** What you should do **
Could you retype the lines below, starting at the line holding "女の子・お宮参り産着レンタル|白クリーム色地・小花柄 G-産着010" and stopping at the line holding "Chmury, chmury i", inclusive? Copy them exactly and drop the images.

** Source information **
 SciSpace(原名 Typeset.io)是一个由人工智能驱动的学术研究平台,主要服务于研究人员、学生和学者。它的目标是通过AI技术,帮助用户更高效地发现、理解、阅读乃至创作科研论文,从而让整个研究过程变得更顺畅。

...

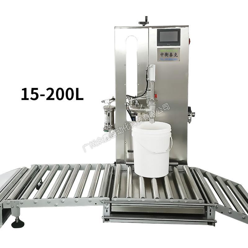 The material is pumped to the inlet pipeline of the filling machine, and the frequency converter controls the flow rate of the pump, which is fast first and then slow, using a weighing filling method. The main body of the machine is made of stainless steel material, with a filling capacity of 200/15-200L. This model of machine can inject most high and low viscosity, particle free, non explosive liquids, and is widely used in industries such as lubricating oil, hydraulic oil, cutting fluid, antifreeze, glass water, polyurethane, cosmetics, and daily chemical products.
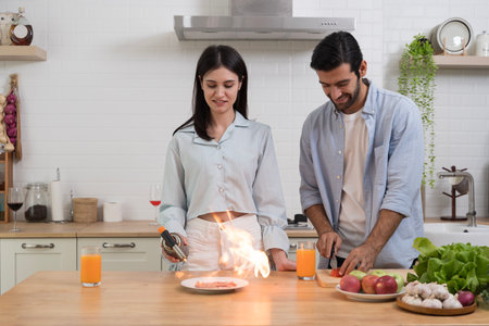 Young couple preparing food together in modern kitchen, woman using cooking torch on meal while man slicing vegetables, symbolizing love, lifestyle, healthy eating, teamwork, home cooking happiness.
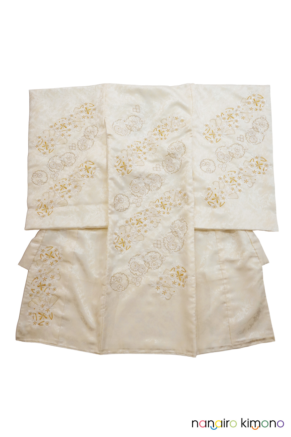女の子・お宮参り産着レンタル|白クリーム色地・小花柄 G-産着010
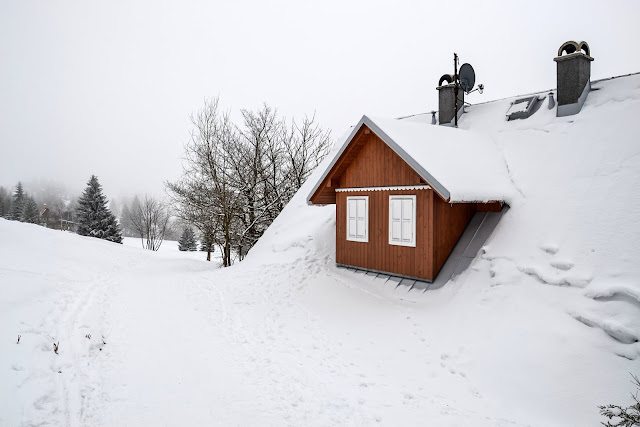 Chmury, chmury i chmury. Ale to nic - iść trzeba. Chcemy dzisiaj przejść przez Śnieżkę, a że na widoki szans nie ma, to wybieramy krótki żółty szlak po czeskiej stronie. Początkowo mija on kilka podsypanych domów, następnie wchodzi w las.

** Exercise output **
女の子・お宮参り産着レンタル|白クリーム色地・小花柄 G-産着010
 Chmury, chmury i chmury. Ale to nic - iść trzeba. Chcemy dzisiaj przejść przez Śnieżkę, a że na widoki szans nie ma, to wybieramy krótki żółty szlak po czeskiej stronie. Początkowo mija on kilka podsypanych domów, następnie wchodzi w las.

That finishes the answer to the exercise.